General Motors Corp. will file for Chapter 11 bankruptcy early Monday, marking the humbling of an American icon that once dominated the global car industry and setting up a high-stakes gamble for U.S. taxpayers.
The question now facing 56,000 auto workers, 3,600 GM dealers and the Obama administration: Will it work?
The government, which will own a majority of the company, is wagering upwards of $30 billion that it can return GM to profitability, reversing a decades-long decline by shearing away liabilities and creating a freshly competitive car maker by summer's end.
The reorganization faces myriad risks, ranging from legal challenges to the uncertainty of when consumer demand for new cars will rebound. In becoming GM's new owner, the government is also entering largely unexplored terrain filled with political minefields, notably the possibility of meddling by Congress in the company's daily operations and business plans.
Even if a new GM emerges swiftly from bankruptcy, the administration will face a thicket of challenges, including closing more than a dozen factories and shedding the Pontiac, Saturn, Saab and Hummer brands. Shepherding these unwanted parts of GM -- the so-called Old GM -- through liquidation in court could take years, with potential extra costs to taxpayers if the process bogs down.
And unknown is how the cost of restructuring both GM and Chrysler LLC would have compared with the cost of letting both companies fail in terms of lost wages, disruptions among car-parts makers and the broader economic fallout. Chrysler, which could emerge from bankruptcy as soon as Monday, will be controlled by Italy's Fiat SpA under its own risky revamping.
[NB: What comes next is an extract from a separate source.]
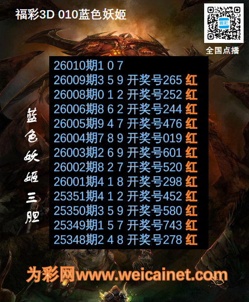 • 福彩3D26090期胆码 蓝色妖姬胆码图
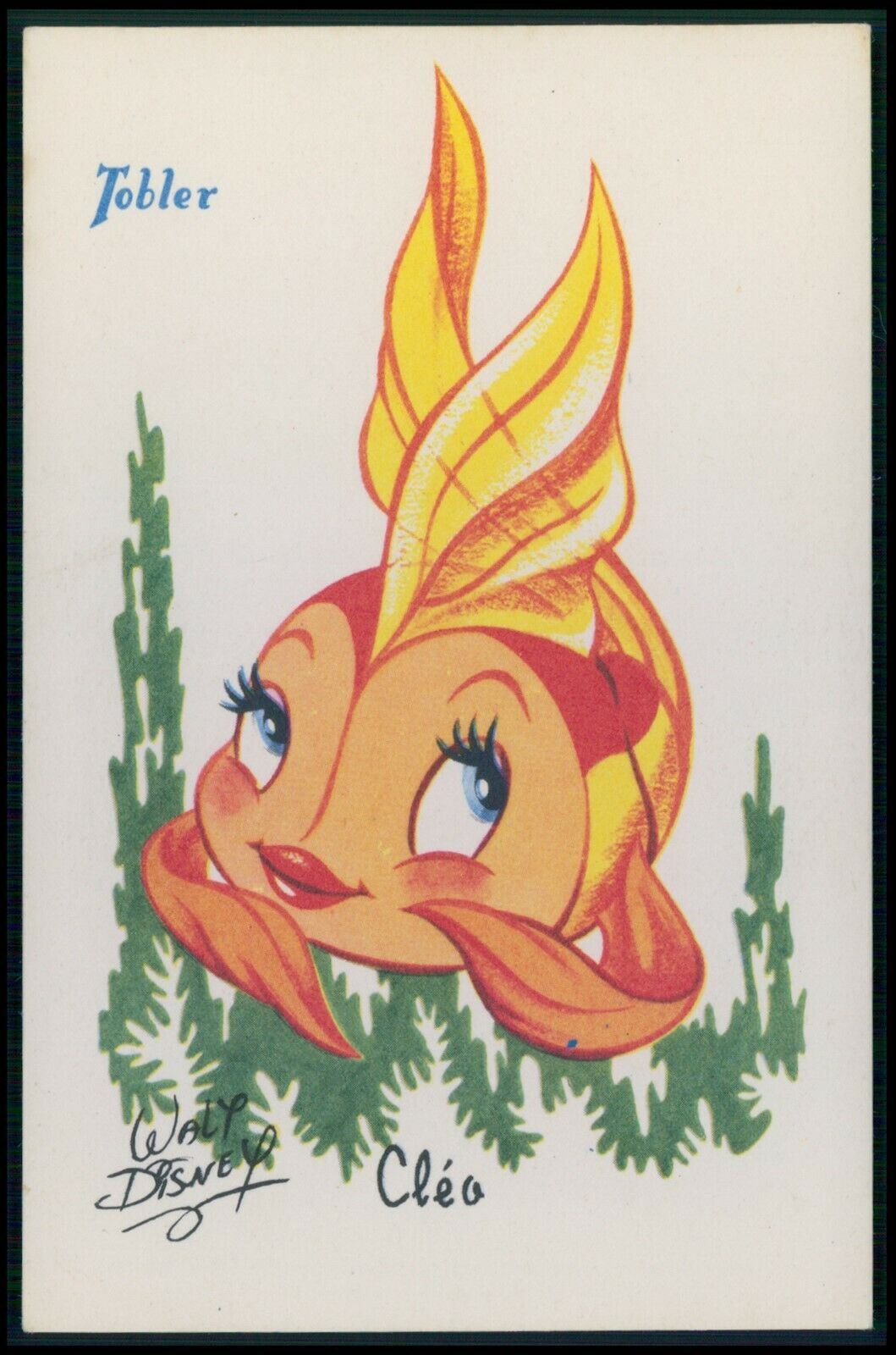Walt Disney tobler CLEO goldfish from Pinocchio original old 1950s postcard

But there is a rosy scenario, too, according to government and industry officials as well as other experts. Bankruptcy protection should allow GM to pull off one of the most expedient downsizings in the industry's 120-year history. Long hampered by laws, union strife and management practices that kept it from fast action to fix problems, GM plans to eliminate almost all of its debt, halve its U.S. brands, shutter 2,600 dealers and rewrite labor contracts almost overnight.
Emerging sometime this summer would be a GM with a cleaner balance sheet and slimmer operations than the company that has posted deep losses since 2005. GM has burned through $33.6 billion in cash the past four years. Under its restructuring plan, GM will shed more than $79 billion in debt, gain work-force savings worth billions of dollars a year, close unneeded facilities and reduce its dealer network by 40%.
The Obama administration, for its part, has navigated the GM rescue so far with notable speed, clearing away many of the biggest obstacles in just months with less drama than many expected. In six to 18 months, GM could be a publicly traded company again, administration officials said.
Under the plan, the administration will spend a bit more than $30 billion to fund the bankruptcy and in exchange receive 60% of GM's stock, while the Canadian government will put in $9.5 billion for a 12.5% stake, senior administration officials said.
Word is that GM will close 11 plants and idle 3 others. As many as 20,000 jobs may be gone.
I'm going to Detroit in July. I wonder if anybody will be there?